Northwest Territories

  • People in the Northwest Territories can expect a spring and summer of extreme fire danger that could last well into the fall. That’s the message of the first wildfire briefing of the season, offered by Richard Olsen, who manages fire operations for the N.W.T.’s department of Environment and Climate Change. He said the hot, dry spring is already visible in parts of the territory, where snow has disappeared earlier than usual and plants are already turning green near the southern border.”The weather forecast seems to be consistent … that for most of the N.W.T. we’re gonna see hot dry conditions throughout June, July and into August,” Olsen said.

Yukon

  • A tagged city looks like an unloved city. That’s what Whitehorse Mayor Laura Cabott said at Monday night’s Standing Committees meeting in council chambers. “We have a problem here in the city of Whitehorse and it’s continuing to grow,” Cabott said.
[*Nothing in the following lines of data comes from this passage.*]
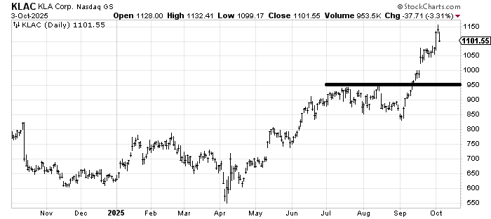 KLA (KLAC) hasn’t done anything wrong except get overextended, so it is in need of a correction. Coming down into that 950-1000 area would be great because it would test the breakout and fill that gap (at 1000), but if KLAC is coming down that much (10%+), then chances are the major indexes are finally going to correct.
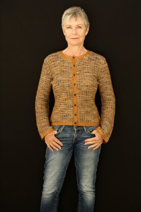 The trim is a tweed pattern using slipped sts. The body commences with and the sleeves finish with tweed pattern. The collar and side trims are also worked in the tweed pattern after picking up stitches along those edges.
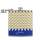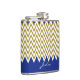 Élégante fiole de boisson faite dans une parties scintillant de couleur or et motif de zigzag de chevron blanc, avec accent bleu, sur le dessus, et un bleu solide, sur le fond, de la fiole. Personnalisez le texte du script blanc pour vous-même ou comme une belle idée cadeau. Idéal pour les cadeaux de demoiselle d'honneur.
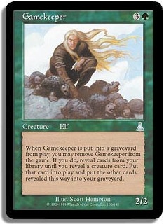 When Gamekeeper is put into a graveyard from play, you may remove Gamekeeper from the game. If you do, reveal cards from your library until you reveal a creature card. Put that card into play and put the other cards revealed this way into your graveyard.
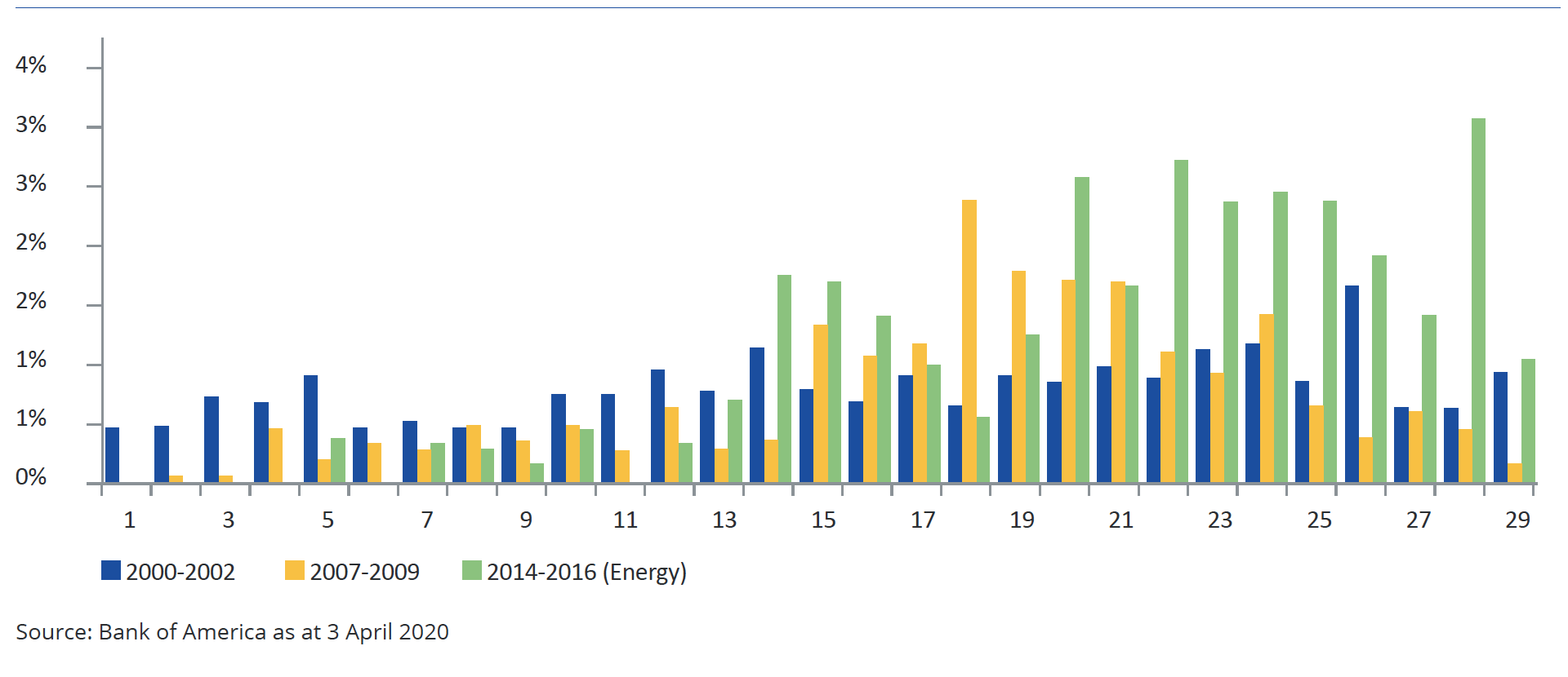 Indeed, as shown in chart 4, in the last three periods of contraction, default rates don’t meaningfully accelerate until we are some way into the recessionary period. The reality is that we don’t know until we have meaningfully progressed into the recession the true extent of the stress felt (and this is likely to be even more the case this time around as the impacts of unusually quick and meaningful monetary and fiscal support are digested and their effects take hold or otherwise).
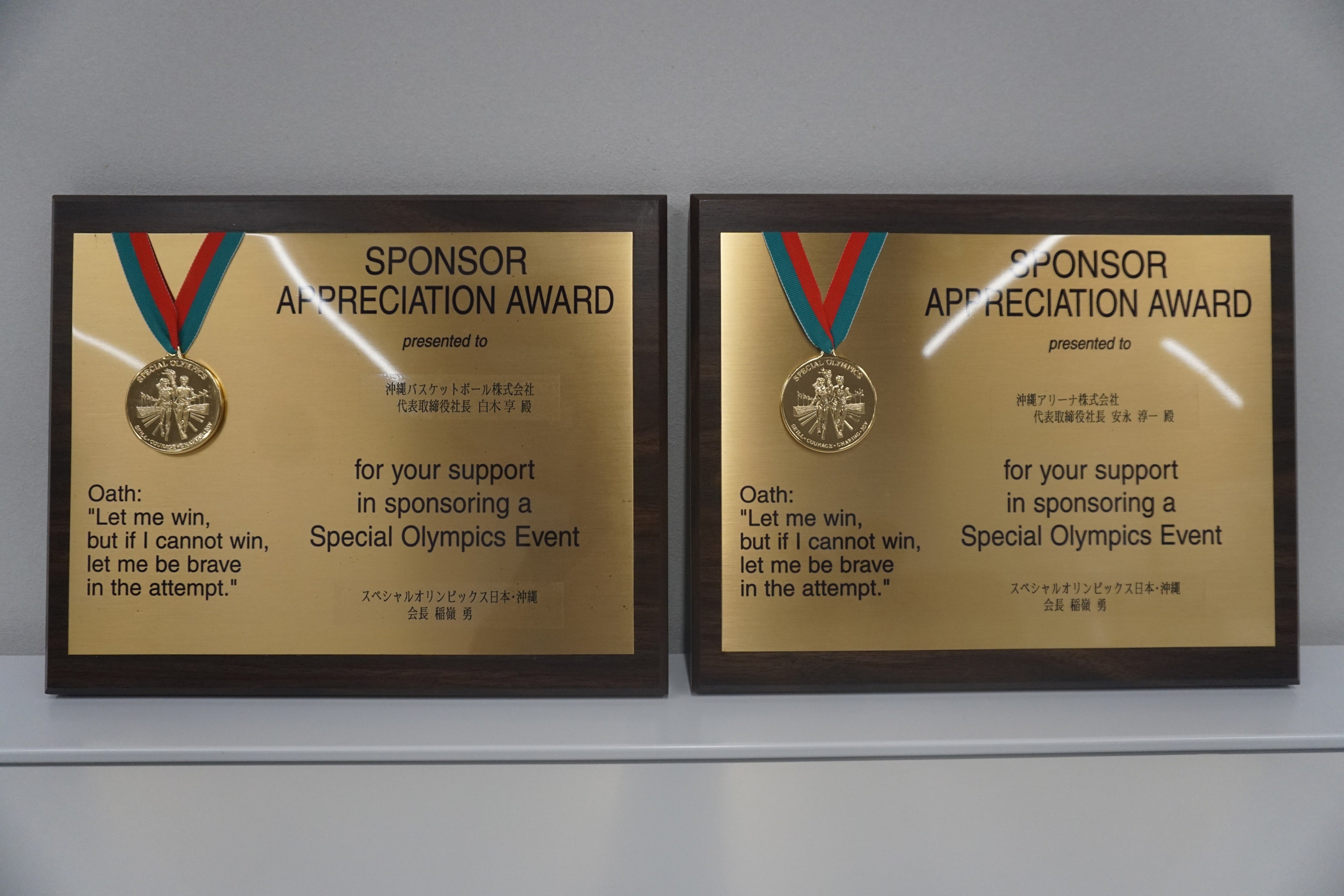 この度、3月29日(金)にスペシャルオリンピックス日本(以下SON)・沖縄より沖縄アリーナ株式会社と沖縄バスケットボール株式会社へ、「感謝の盾」を贈呈いただきました。

She was responding to proposed amendments to the city’s graffiti management policy. “And I don’t mean a problem just for corporate City of Whitehorse, but for the city of Whitehorse.” Mélodie Simard is the manager of parks and community development. Simard presented the amendment to council. 

Nunavut

  • Nunavut Tunngavik Inc. says it’s “dismayed” that the territorial government isn’t giving up on its fight to have a lawsuit over Inuit language instruction in schools thrown out of court. Nunavut Tunngavik Inc. (NTI), which represents Inuit in Nunavut, filed the lawsuit against the territorial government in 2021, claiming it has failed to provide education in Inuktut and discriminates against Inuit as a result. the lawsuit cited Section 15 of the Charter of Rights and Freedoms, which is about equality rights.
  • The Government of Nunavut says it has hired a lawyer to look into how eight children from the territory were placed in an unlicensed Alberta group home last year. The situation came to light following a report from Radio-Canada in March. It found that three homes run by Ever Bright Complex Needs Support Services in Airdrie, Alta., had permits that weren’t active. A Nunavut spokesperson said at the time that the territory was unaware of this when the children were sent, though Alberta Children’s Services said the information was communicated to Nunavut multiple times.